**What you have to do**.
Transcribe only the part of the material below that begins at the line containing "Các mẫu thiết" and ends at the line containing "2014届毕业生毕业盛典的还有德州扑克网页版 全体教职工、学生家长和学生代表。毕业典礼由德州扑克网页版 党委副书记余飞主持。", with both kept and images left out.

**Given records**.
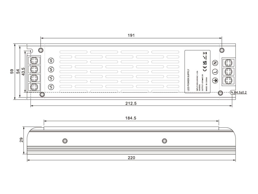 | Méretek | 220 x 59 x 29 mm |
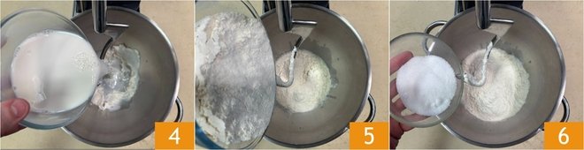 Transfer the mixture into the bowl of a stand mixer fitted with a hook 4, then add the flour 5 and sugar 6.
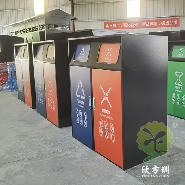 戶外組合帶蓋鍍鋅板分類垃圾桶
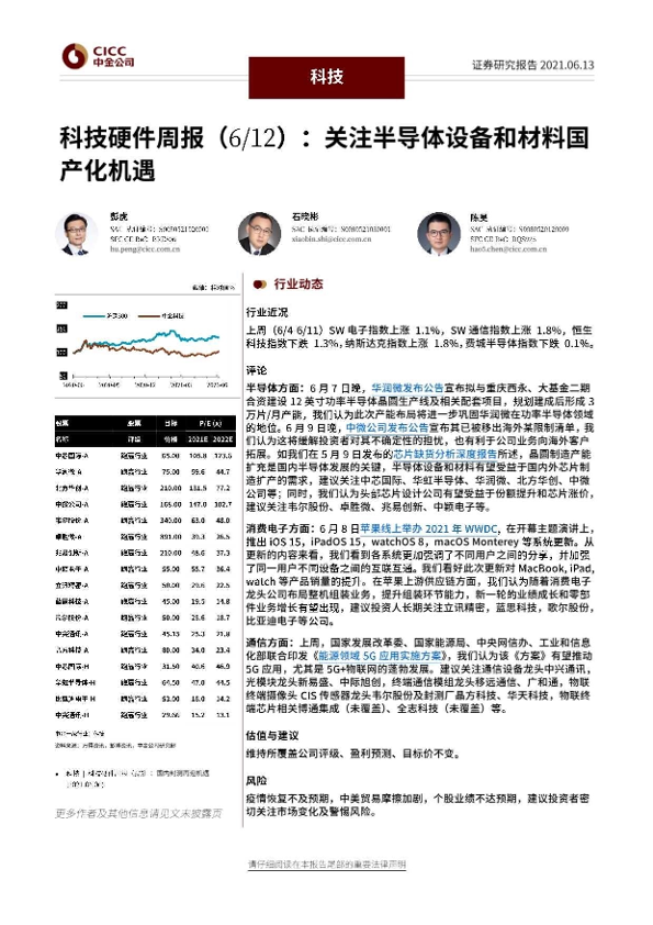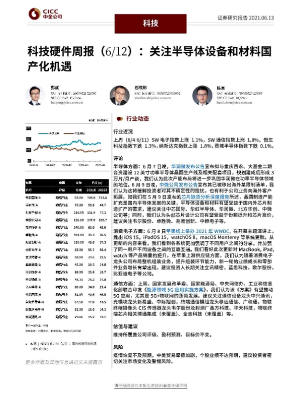 【中金公司】【20210613】科技硬件周报:关注半导体设备和材料国产化机遇-15页
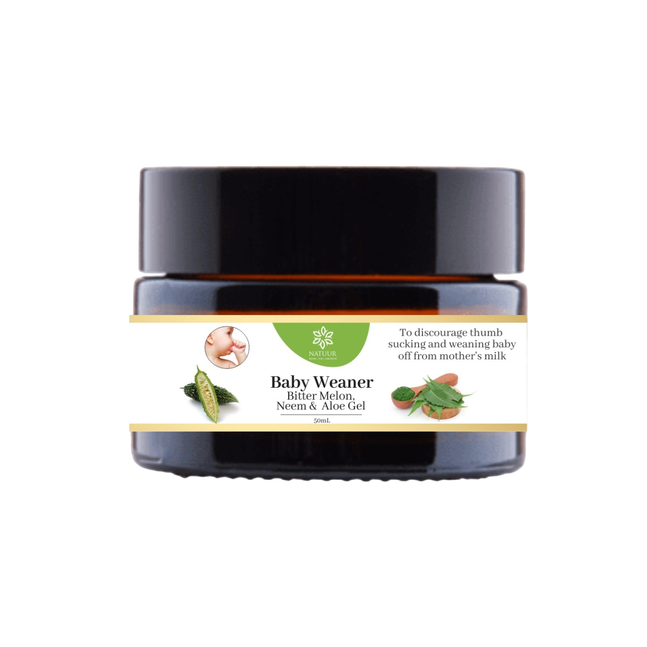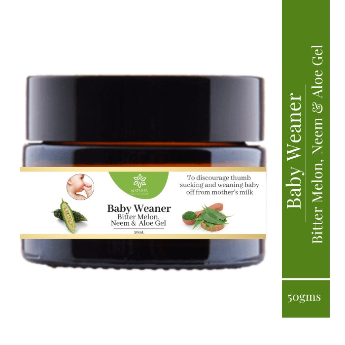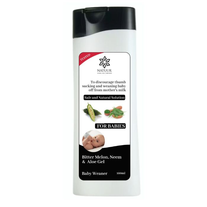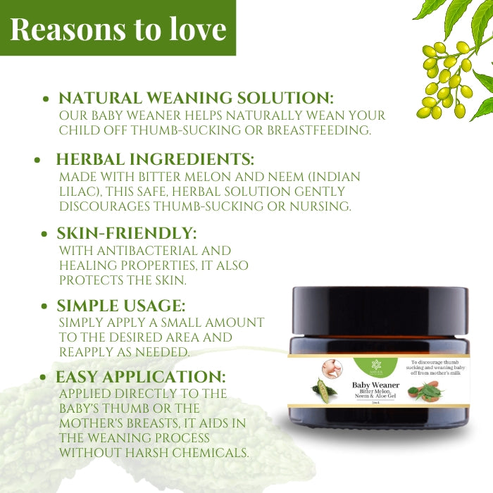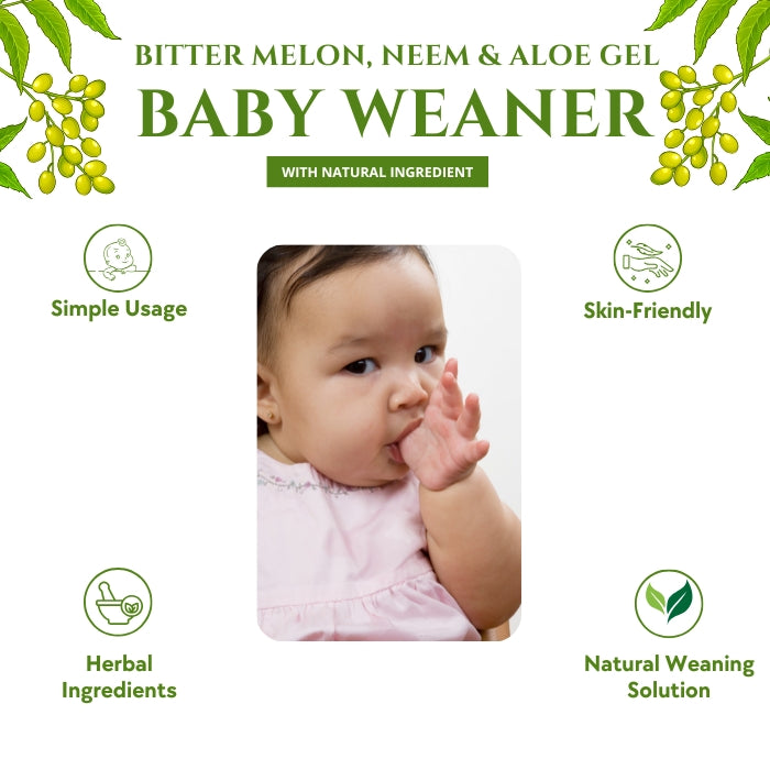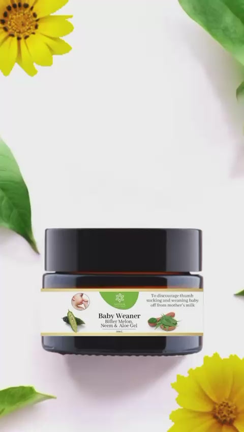 Our Baby Weaner helps naturally wean your child off thumb-sucking or breastfeeding. Made with bitter melon and neem (Indian lilac), this safe, herbal solution is applied directly to the baby’s thumb or the mother’s breasts. The bitter taste gently discourages thumb-sucking or nursing, aiding in the weaning process without harsh chemicals. With antibacterial and healing properties, it also protects the skin. Simply apply a small amount to the desired area and reapply as needed. Ideal for parents seeking a natural weaning solution.
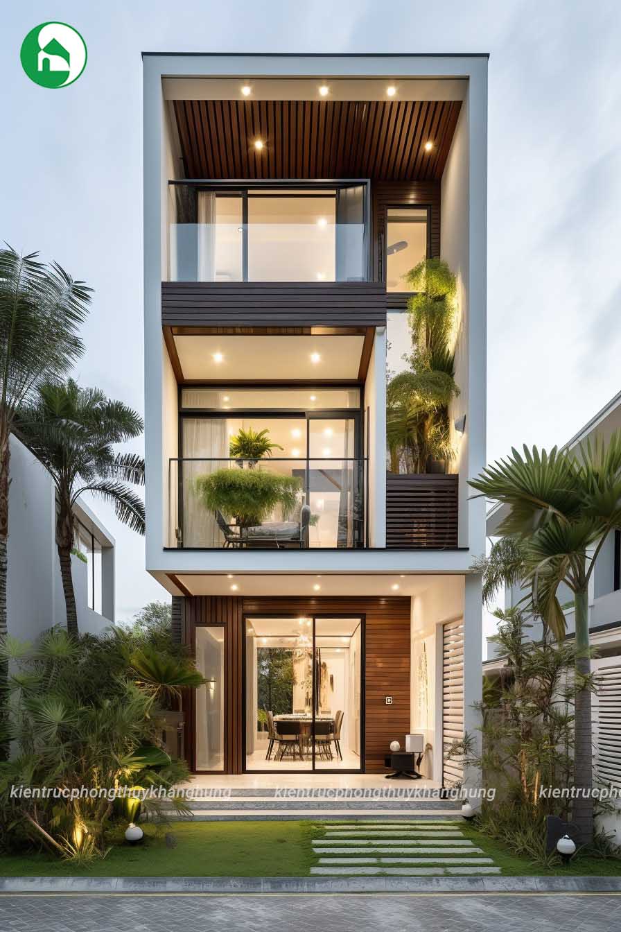Các mẫu thiết kế mặt tiền nhà ống thường được kết hợp với những vật liệu hiện đại như kính cường lực, gạch thông gió, và lam nhựa giả gỗ để tạo điểm nhấn và giúp không gian sống trở nên thông thoáng, gần gũi với thiên nhiên.
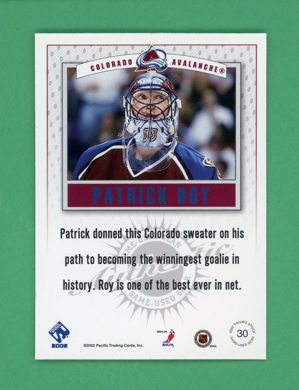 Patrick Roy 2002-03 Pacific Private Stock Jersey Card #30
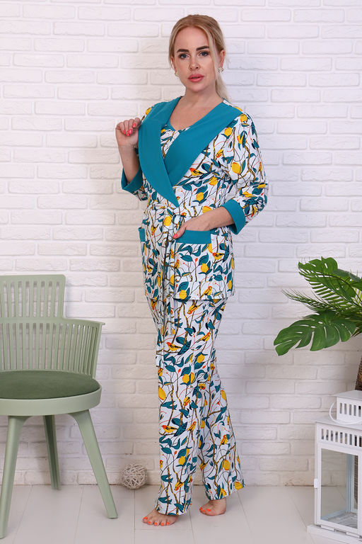 Женский комплект из кулирки - халат, топ и брюки. Халат с воротником "шаль", накладные карманы, рукава чуть ниже локтей. Майка с отрезной кокеткой, брюки прямые, на резинке
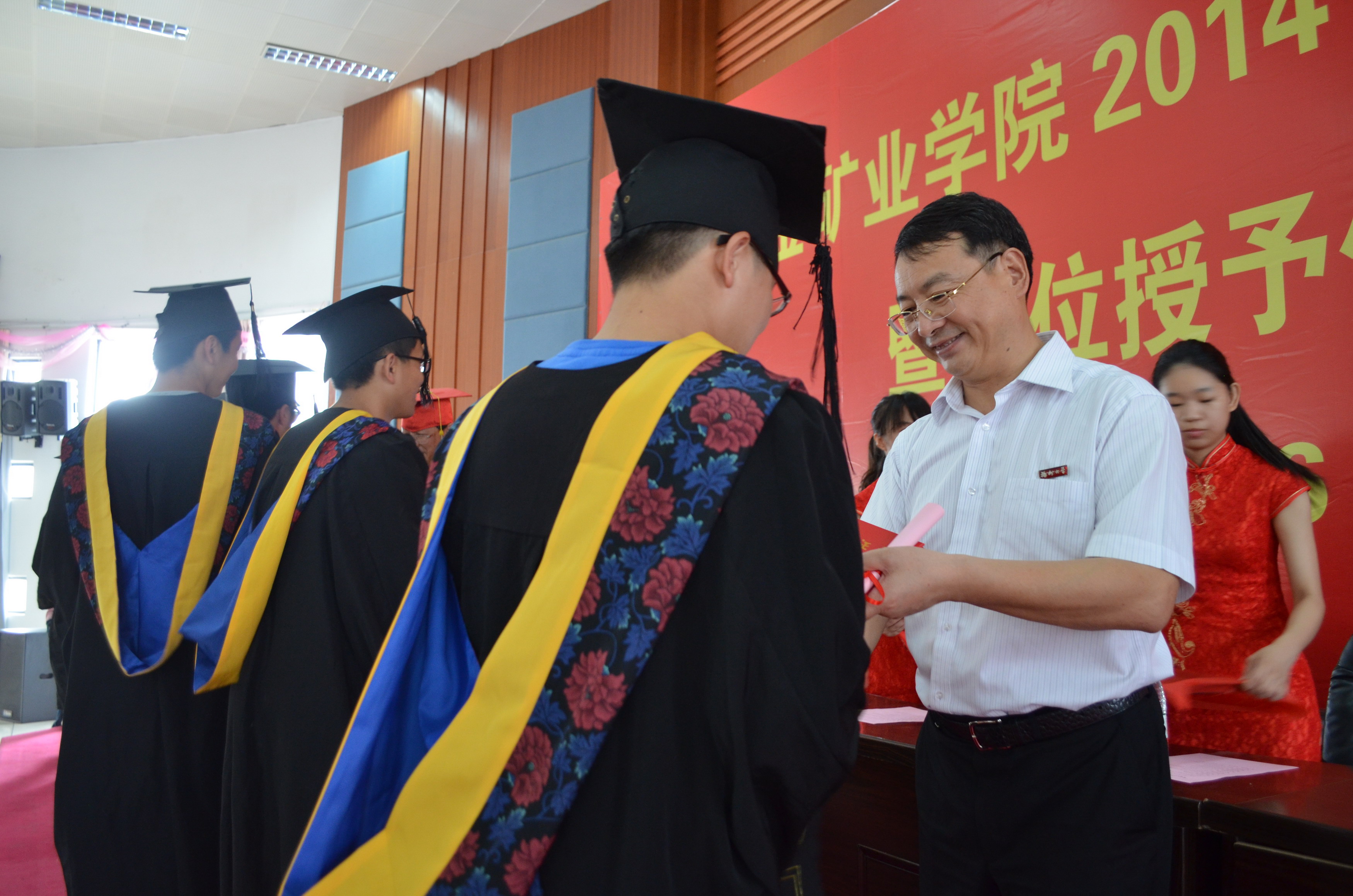 出席典礼的领导嘉宾有:紫金矿业集团股份有限公司董事长、紫金矿业德州扑克网页版 理事会理事长陈景河先生;福州大学校长助理、紫金矿业德州扑克网页版 理事会副理事长黄志刚教授;福州大学教务处处长、紫金矿业德州扑克网页版 理事会理事杨晓翔教授;紫金矿业集团人力资源部培训处处长、紫金矿业德州扑克网页版 理事会理事谢忠兰女士;紫金矿业集团董事长办公室主任邱国柱先生;德州扑克网页版 全体党政领导等。一同见证德州扑克网页版 2014届毕业生毕业盛典的还有德州扑克网页版 全体教职工、学生家长和学生代表。毕业典礼由德州扑克网页版 党委副书记余飞主持。 毕业典礼在庄严的国歌中拉开序幕。余飞副书记首先介绍了莅临毕业典礼的领导和来宾,并向他们的到来致以诚挚的谢意。随后,副院长印万忠教授宣读2014年“陈景河特优毕业生”获奖名单,陈景河董事长等德州扑克网页版 第三届全体理事会成员共同为六位获奖学生颁发证书及每人8000元奖金。 学位授予仪式是毕业典礼的“重头戏”。德州扑克网页版 教授委员会主任、副院长彭向东教授宣读了本届毕业生名单及获得学位名单。陈景河董事长、黄志刚校长助理为毕业生颁发毕业证书、学位证书,刘羽院长与彭向东副院长则逐一为获得学士学位的毕业生拨穗,与会人员以热烈的掌声对毕业生表示祝贺。 学位授予仪式结束后,福建省三好学生获得者蒋祥伟同学作为毕业生代表上台发表毕业感言,对学校、德州扑克网页版 、各位领导老师对他们的悉心栽培致以最衷心的感谢。德州扑克网页版 肖爱芳老师则代表全体教师向毕业生表达了最真挚的不舍和祝愿。刘羽院长为毕业生作了一番简短、诚挚的毕业赠言。刘羽院长说,无论学生们以后能否变成高富帅,白富美,他们的身后一直都有德州扑克网页版 全体教职工关注的目光,希望大家常回德州扑克网页版 看看。 陈景河董事长以校友、学长以及企业董事长等多重身份对毕业生们提出殷切的期望和谆谆叮嘱。陈景河董事长还为大家详细分析了矿业面临的机遇和挑战,希望走上社会的毕业生们能够以高度的责任心为自己奋斗出一片天空。毕业典礼在《勘探队员之歌》中圆满结束。(黄少钦)
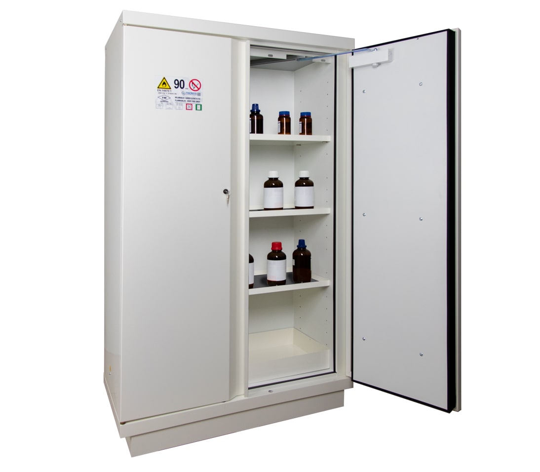 The flammable and/or explosive products have to be stored in safety cabinets. The cabinets EN 14470-1 have a fire resistance allowing protecting the products from a potential fire. We offer 30, 60 or 90 minutes fire resistance ; the 30 and 90 minute ones being also available in multirisks cabinets for the storage of several types of chemicals. On the other hand, the safety cabinets EN 14470-2 have a 30 minute fire resistance and allow protecting gas cylinders in case of a potential fire.

**Result**.
Các mẫu thiết kế mặt tiền nhà ống thường được kết hợp với những vật liệu hiện đại như kính cường lực, gạch thông gió, và lam nhựa giả gỗ để tạo điểm nhấn và giúp không gian sống trở nên thông thoáng, gần gũi với thiên nhiên.
 Patrick Roy 2002-03 Pacific Private Stock Jersey Card #30
 Женский комплект из кулирки - халат, топ и брюки. Халат с воротником "шаль", накладные карманы, рукава чуть ниже локтей. Майка с отрезной кокеткой, брюки прямые, на резинке
 出席典礼的领导嘉宾有:紫金矿业集团股份有限公司董事长、紫金矿业德州扑克网页版 理事会理事长陈景河先生;福州大学校长助理、紫金矿业德州扑克网页版 理事会副理事长黄志刚教授;福州大学教务处处长、紫金矿业德州扑克网页版 理事会理事杨晓翔教授;紫金矿业集团人力资源部培训处处长、紫金矿业德州扑克网页版 理事会理事谢忠兰女士;紫金矿业集团董事长办公室主任邱国柱先生;德州扑克网页版 全体党政领导等。一同见证德州扑克网页版 2014届毕业生毕业盛典的还有德州扑克网页版 全体教职工、学生家长和学生代表。毕业典礼由德州扑克网页版 党委副书记余飞主持。 毕业典礼在庄严的国歌中拉开序幕。余飞副书记首先介绍了莅临毕业典礼的领导和来宾,并向他们的到来致以诚挚的谢意。随后,副院长印万忠教授宣读2014年“陈景河特优毕业生”获奖名单,陈景河董事长等德州扑克网页版 第三届全体理事会成员共同为六位获奖学生颁发证书及每人8000元奖金。 学位授予仪式是毕业典礼的“重头戏”。德州扑克网页版 教授委员会主任、副院长彭向东教授宣读了本届毕业生名单及获得学位名单。陈景河董事长、黄志刚校长助理为毕业生颁发毕业证书、学位证书,刘羽院长与彭向东副院长则逐一为获得学士学位的毕业生拨穗,与会人员以热烈的掌声对毕业生表示祝贺。 学位授予仪式结束后,福建省三好学生获得者蒋祥伟同学作为毕业生代表上台发表毕业感言,对学校、德州扑克网页版 、各位领导老师对他们的悉心栽培致以最衷心的感谢。德州扑克网页版 肖爱芳老师则代表全体教师向毕业生表达了最真挚的不舍和祝愿。刘羽院长为毕业生作了一番简短、诚挚的毕业赠言。刘羽院长说,无论学生们以后能否变成高富帅,白富美,他们的身后一直都有德州扑克网页版 全体教职工关注的目光,希望大家常回德州扑克网页版 看看。 陈景河董事长以校友、学长以及企业董事长等多重身份对毕业生们提出殷切的期望和谆谆叮嘱。陈景河董事长还为大家详细分析了矿业面临的机遇和挑战,希望走上社会的毕业生们能够以高度的责任心为自己奋斗出一片天空。毕业典礼在《勘探队员之歌》中圆满结束。(黄少钦)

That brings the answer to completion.